• Required work:
Nothing but the lines below from the one holding "LarabarDescriptionLARABAR's Coconut Cream" up to and including the one holding "Крепление, Аэратор, Гибкая" should be copied, exactly and without pictures.

• Provided data:
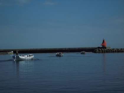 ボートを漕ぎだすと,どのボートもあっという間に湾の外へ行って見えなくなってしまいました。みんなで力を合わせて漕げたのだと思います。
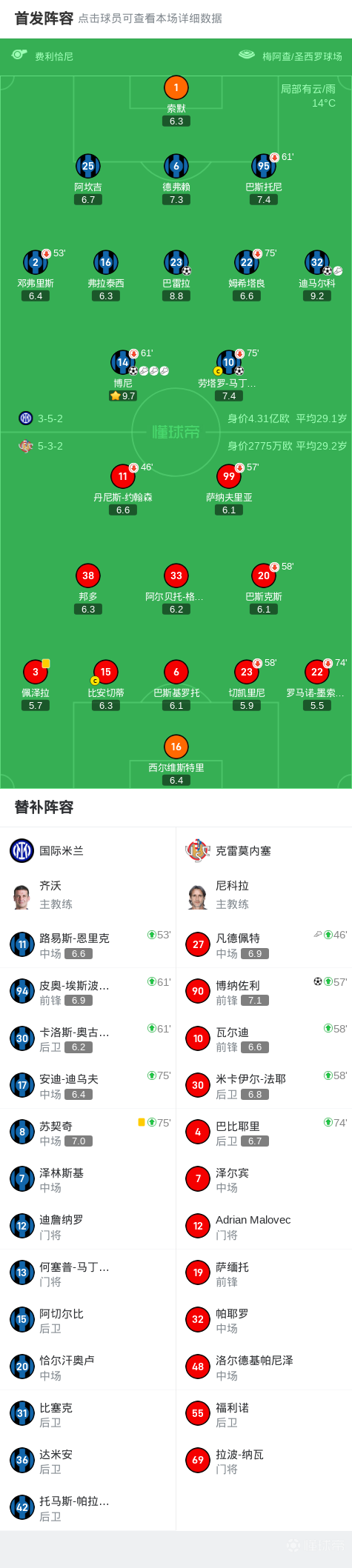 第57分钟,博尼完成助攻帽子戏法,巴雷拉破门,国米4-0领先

---

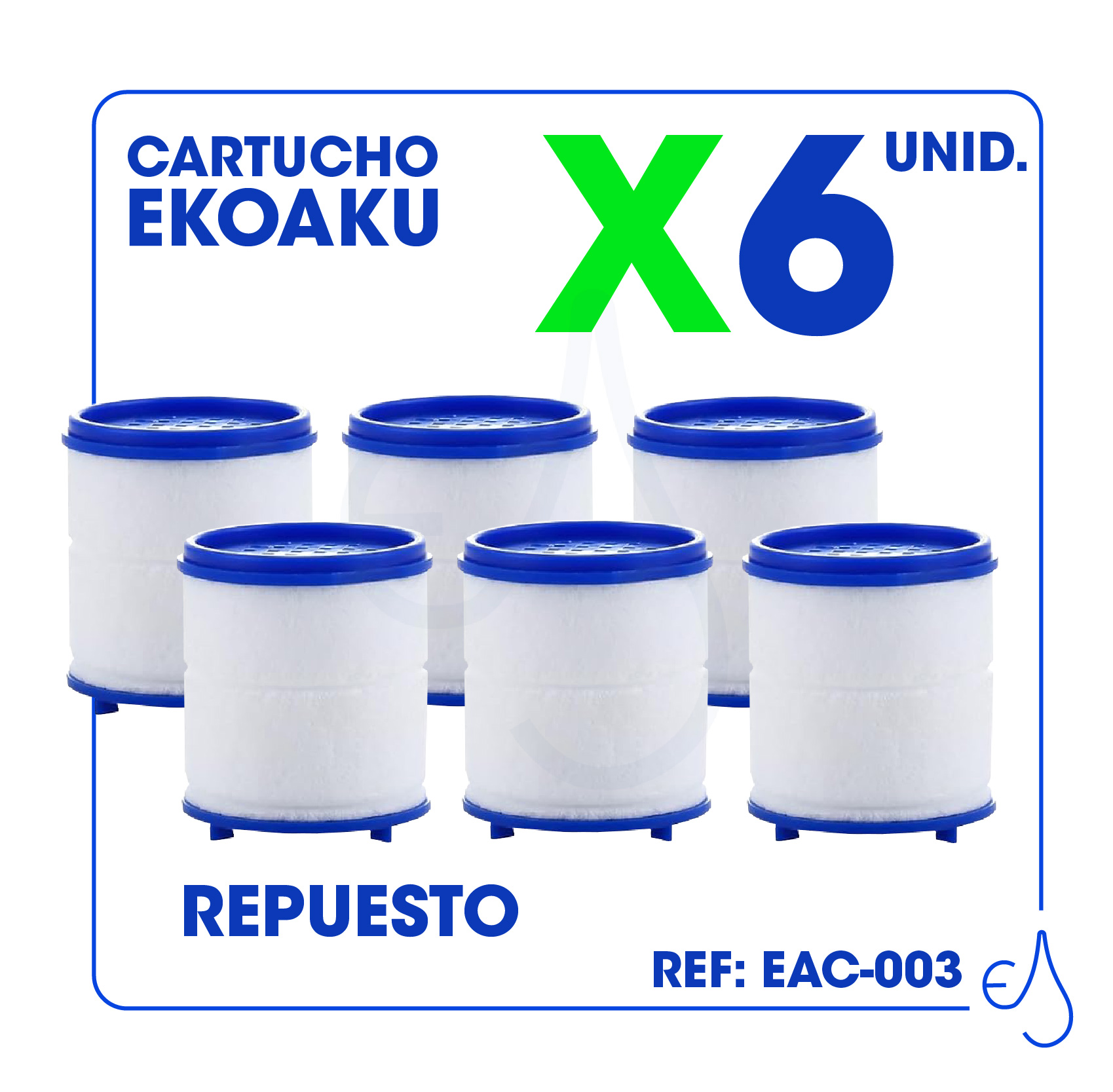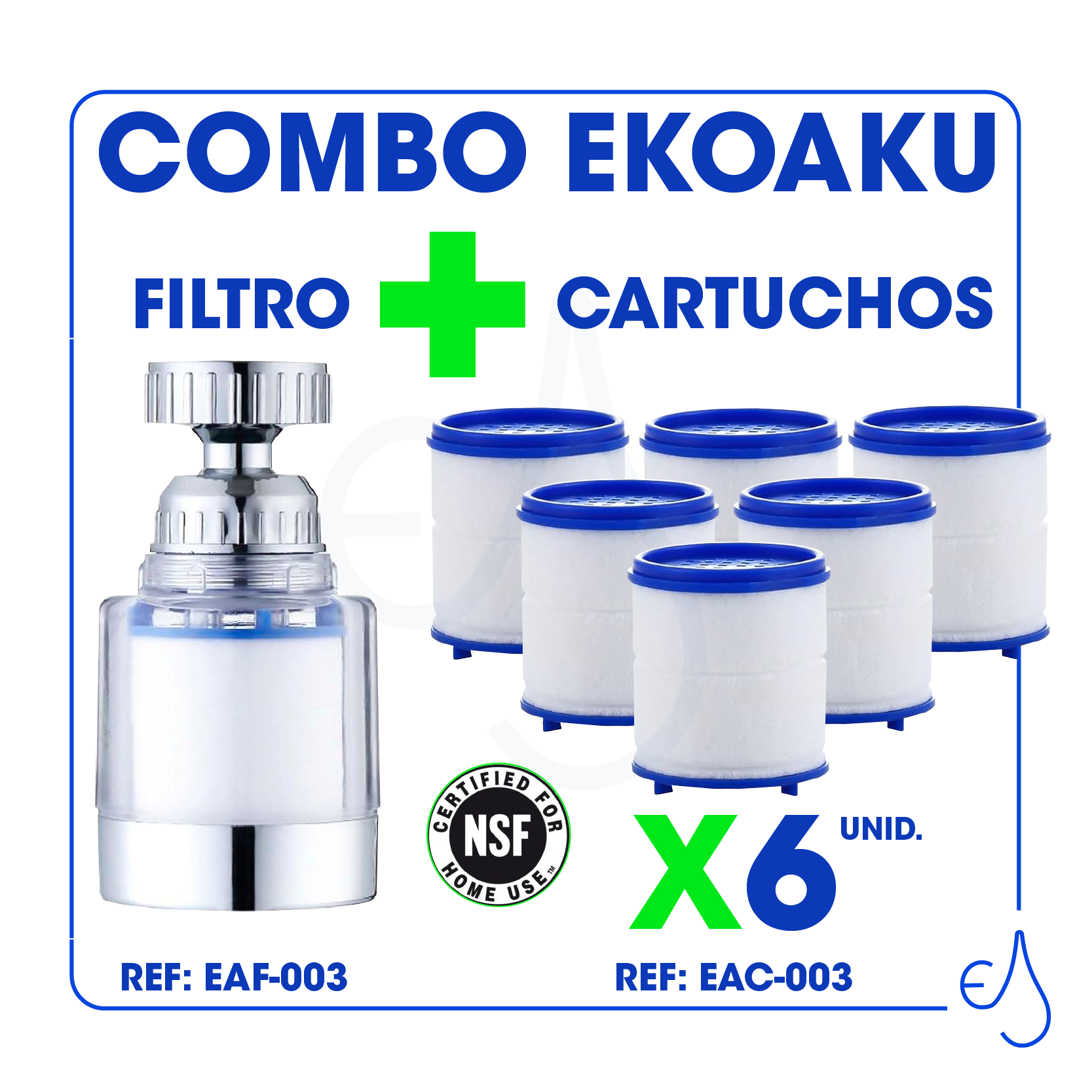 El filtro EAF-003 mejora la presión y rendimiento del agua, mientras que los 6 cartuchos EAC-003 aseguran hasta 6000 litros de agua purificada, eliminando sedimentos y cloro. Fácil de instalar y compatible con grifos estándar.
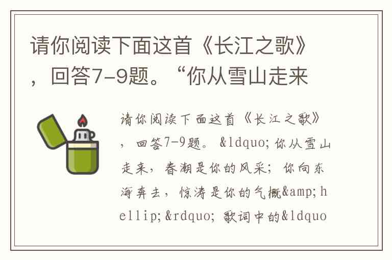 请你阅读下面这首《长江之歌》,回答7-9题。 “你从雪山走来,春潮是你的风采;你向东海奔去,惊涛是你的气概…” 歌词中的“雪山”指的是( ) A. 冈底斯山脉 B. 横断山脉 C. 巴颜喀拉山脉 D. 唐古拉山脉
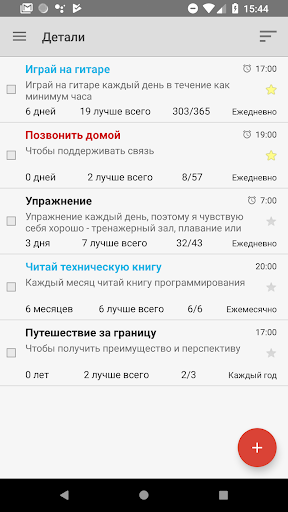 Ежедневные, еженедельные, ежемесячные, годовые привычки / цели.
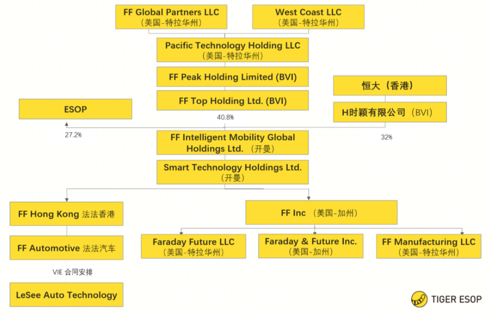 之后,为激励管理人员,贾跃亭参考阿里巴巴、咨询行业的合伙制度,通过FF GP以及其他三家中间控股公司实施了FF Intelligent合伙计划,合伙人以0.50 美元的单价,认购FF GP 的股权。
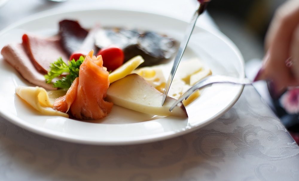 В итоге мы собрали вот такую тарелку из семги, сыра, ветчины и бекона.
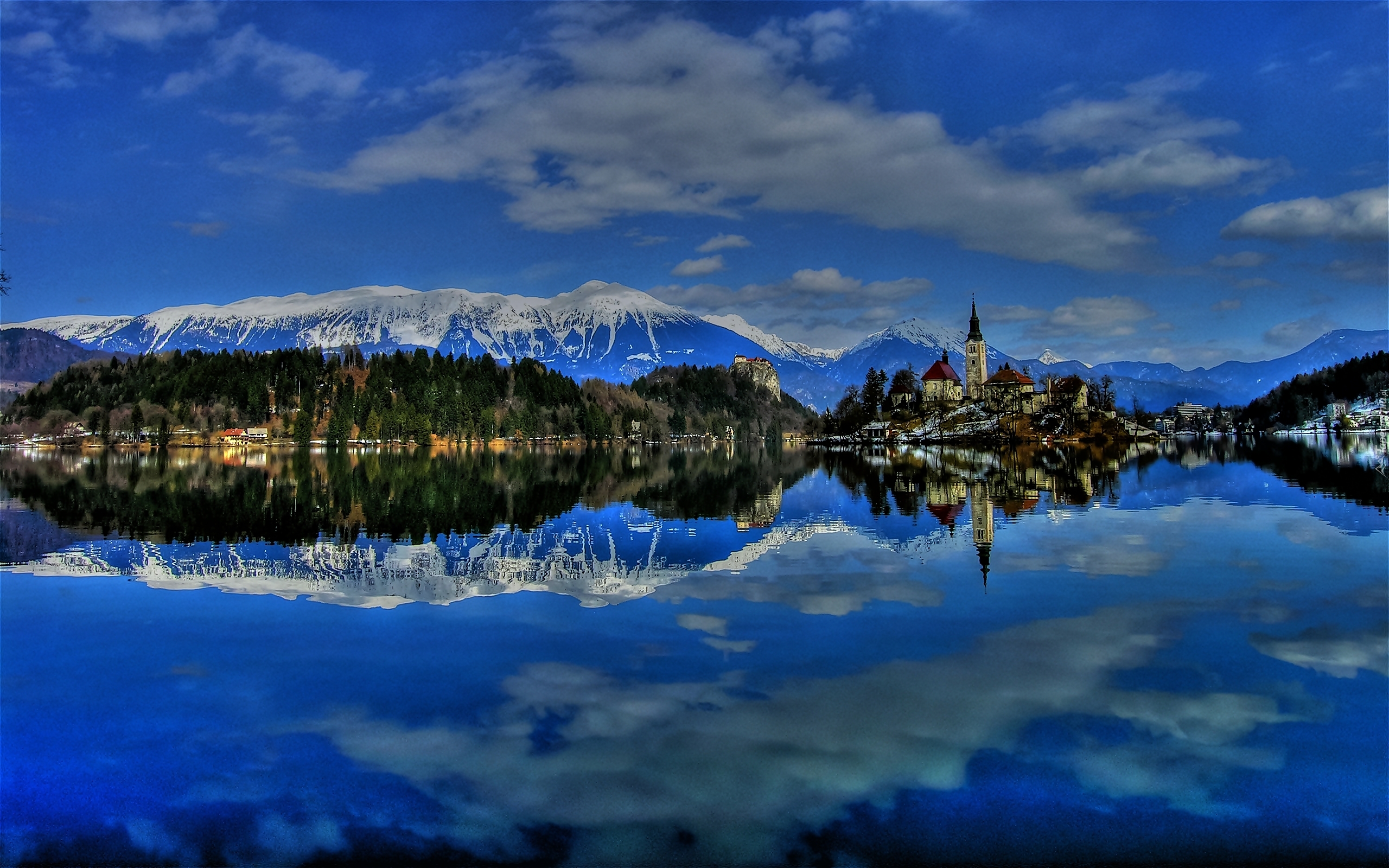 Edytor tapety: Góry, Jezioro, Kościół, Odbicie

* * *

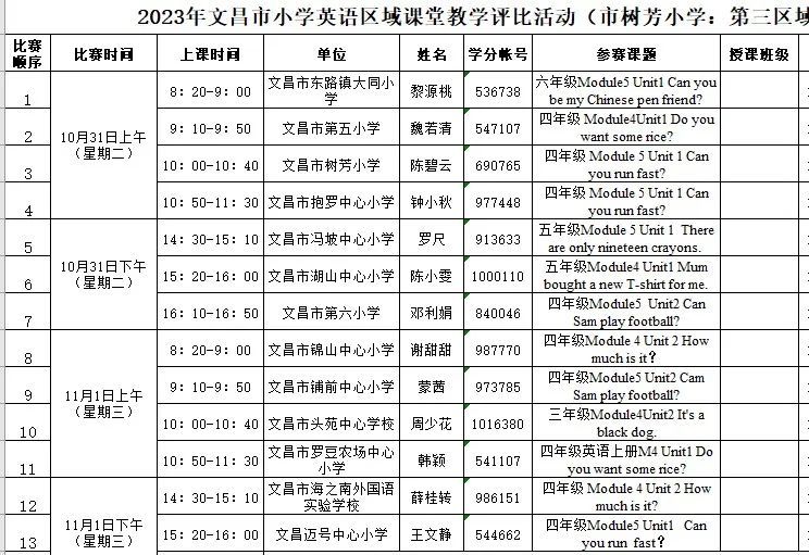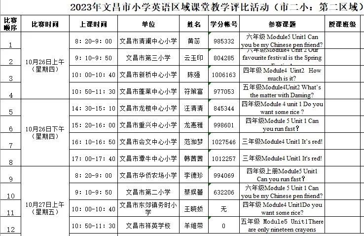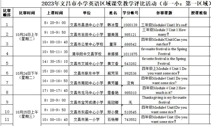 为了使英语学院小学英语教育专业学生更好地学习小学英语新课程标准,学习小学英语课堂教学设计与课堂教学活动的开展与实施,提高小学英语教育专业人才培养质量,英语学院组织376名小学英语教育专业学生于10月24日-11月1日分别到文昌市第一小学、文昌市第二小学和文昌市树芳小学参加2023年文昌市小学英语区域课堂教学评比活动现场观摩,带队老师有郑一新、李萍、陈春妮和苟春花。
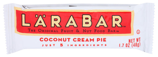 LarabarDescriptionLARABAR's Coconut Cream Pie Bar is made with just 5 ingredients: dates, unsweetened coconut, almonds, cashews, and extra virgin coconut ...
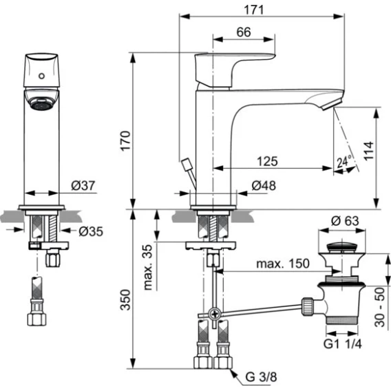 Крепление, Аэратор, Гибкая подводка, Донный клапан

• Answer section:
 LarabarDescriptionLARABAR's Coconut Cream Pie Bar is made with just 5 ingredients: dates, unsweetened coconut, almonds, cashews, and extra virgin coconut ...
 Крепление, Аэратор, Гибкая подводка, Донный клапан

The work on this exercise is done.